It may seem trite to say, but Jameson loved literature; he did so contagiously. On one occasion, he recited Guillaume Apollinaire’s “Zone” in the French. He wanted us to appreciate the sound of the poem. Literature existed for him as part of a broader world of politics and experience — his lectures leaped balletically from film, architecture, and music. I was deeply affected by this course and its teacher, as is perhaps obvious in my now thirty-five-year-old reminiscences about it. But for me at the time, that was all Jameson was, a great teacher whose class I enjoyed. I knew nothing of his scholarship or criticism beyond the classroom.

I had not yet discovered that Jameson was apparently a “big shot” — he did not conduct himself like one. The Gothic Bookshop featured a section devoted to Duke authors, and I was in the habit of looking for books by professors I admired. (I was lucky to have a number of wonderful professors, across many different fields.) I saw that Professor Jameson had written a book on Sartre, which turned out to be based on his 1959 dissertation from Yale, where he received his PhD in French. Among the many admirers of Jameson’s writing, I suspect I am one of the few today who read Sartre: The Origins of a Style first, before Marxism and Form, The Political Unconscious, or Postmodernism, or, the Cultural Logic of Late Capitalism — so great of an influence was Jameson on the reading of a generation.

I was never as personally close to him as many of his grad students were.
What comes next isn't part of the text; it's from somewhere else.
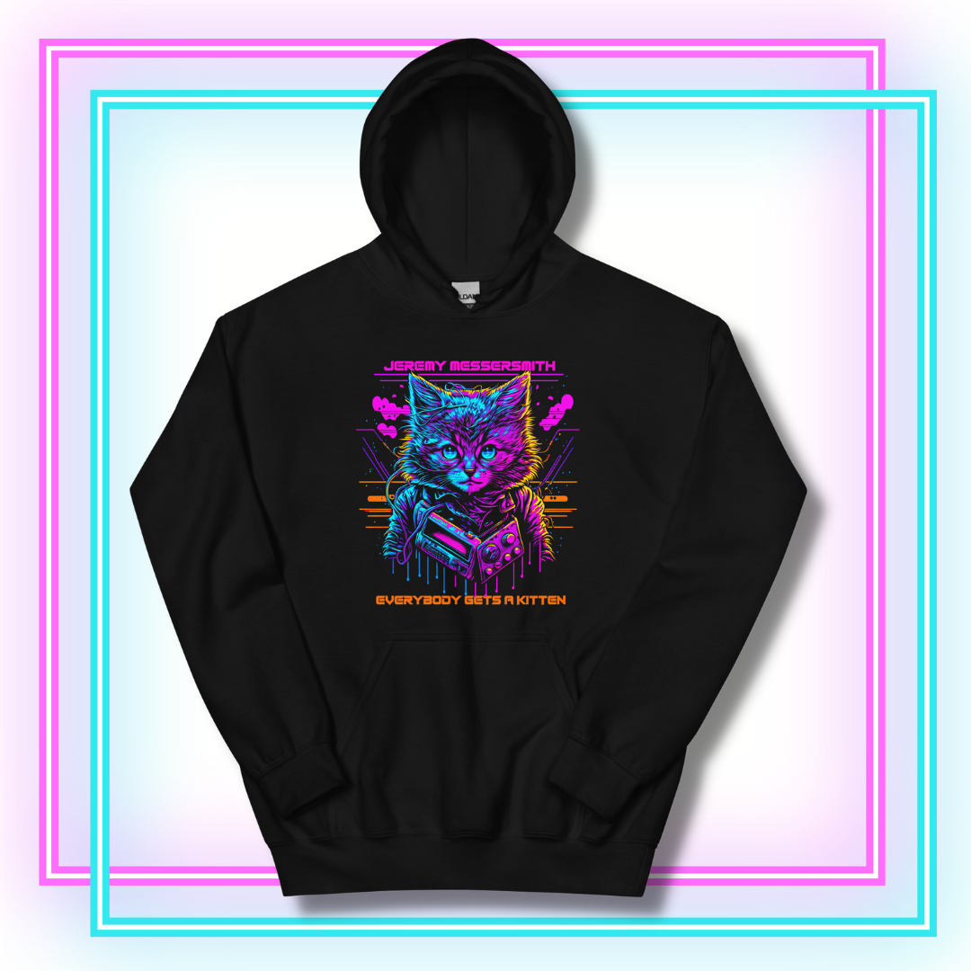 Everybody Gets a Kitten, retro style! This classic black unisex hoodie features a fun throwback neon design by jeremy messersmith.

Nevertheless, from that semester in 1989 to the present, he has always been a steady presence: supporting my work, offering advice, writing letters of recommendation or endorsements, participating in conferences or special issues, and generally encouraging me in whatever I was up to. I took two more classes with Jameson in college, an upper-level course on film and a grad seminar devoted to Karl Marx’s Grundrisse, during which I became more familiar with Jameson’s own writings as I went on to graduate school myself at the University of Pittsburgh.
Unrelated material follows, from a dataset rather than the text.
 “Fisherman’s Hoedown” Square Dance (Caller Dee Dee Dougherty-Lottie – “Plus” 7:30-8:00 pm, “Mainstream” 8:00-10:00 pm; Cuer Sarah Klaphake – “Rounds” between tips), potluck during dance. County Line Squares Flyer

Jameson later invited me to be a visiting scholar in the Literature Program at Duke, where I completed my dissertation on Herman Melville and “the literary cartography of the world system,” a rather Jamesonian project, drawing upon his generative critical explorations of globalization, postmodernism, and what he famously called “cognitive mapping.” I would years later write Fredric Jameson: The Project of Dialectical Criticism, an introductory study of Jameson’s career. I think it is fair to say that all of my work, including books and articles on a whole range of subjects, but also my approaches to teaching and mentoring students, engaging with colleagues, and participating in the world more generally, has been inspired by Jameson, both as an intellectual and man.

Jameson’s contributions to the critical theory, to the analysis of the forms and content of the world we live in, and to the empowering of the imagination to envision alternatives to the present are immeasurable. But more importantly, perhaps, his thinking has served to inspire others — artists, activists, critics, theorists, and students of all kinds — to extend his efforts.

The best way to honor Fredric Jameson’s memory, after all, will be to think with him, to remember his example while also striking out on our own ruthless critique of all that exists, as the young Marx put it.